TASK STATEMENT ::
Could you retype the material, starting at its first line and ending with the line holding "1945年に初版が発行された", and keep the pictures out?

DATASET SECTION ::
-- -- --

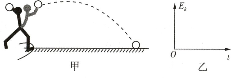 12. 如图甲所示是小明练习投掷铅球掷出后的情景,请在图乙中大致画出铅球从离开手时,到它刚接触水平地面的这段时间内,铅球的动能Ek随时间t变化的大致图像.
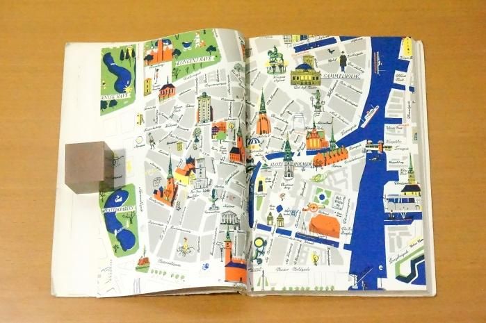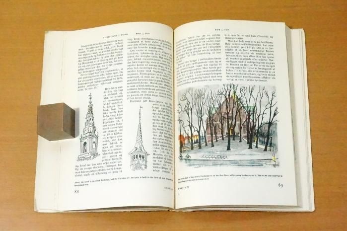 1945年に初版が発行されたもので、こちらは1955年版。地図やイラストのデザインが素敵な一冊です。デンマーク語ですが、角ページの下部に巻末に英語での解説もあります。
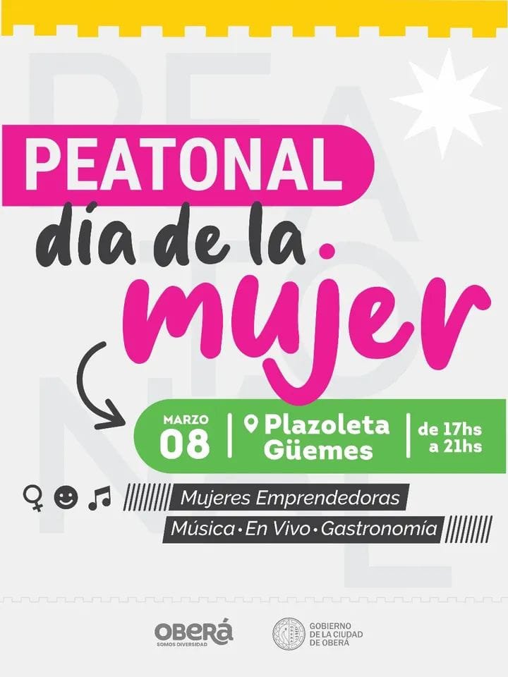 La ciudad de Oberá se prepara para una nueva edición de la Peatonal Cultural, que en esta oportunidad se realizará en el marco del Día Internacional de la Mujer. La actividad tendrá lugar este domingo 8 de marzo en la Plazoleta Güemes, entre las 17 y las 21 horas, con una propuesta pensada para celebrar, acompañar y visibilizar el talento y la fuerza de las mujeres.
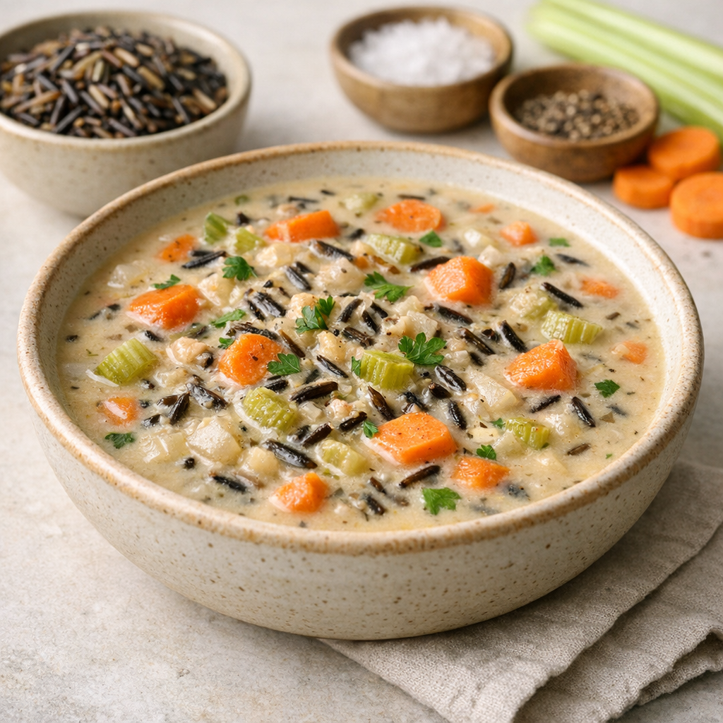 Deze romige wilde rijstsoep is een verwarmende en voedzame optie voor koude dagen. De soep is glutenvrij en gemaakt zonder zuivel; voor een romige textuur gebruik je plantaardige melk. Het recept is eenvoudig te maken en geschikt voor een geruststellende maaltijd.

-- -- --

OUTPUT FOR THIS TASK ::
 12. 如图甲所示是小明练习投掷铅球掷出后的情景,请在图乙中大致画出铅球从离开手时,到它刚接触水平地面的这段时间内,铅球的动能Ek随时间t变化的大致图像.
 1945年に初版が発行されたもので、こちらは1955年版。地図やイラストのデザインが素敵な一冊です。デンマーク語ですが、角ページの下部に巻末に英語での解説もあります。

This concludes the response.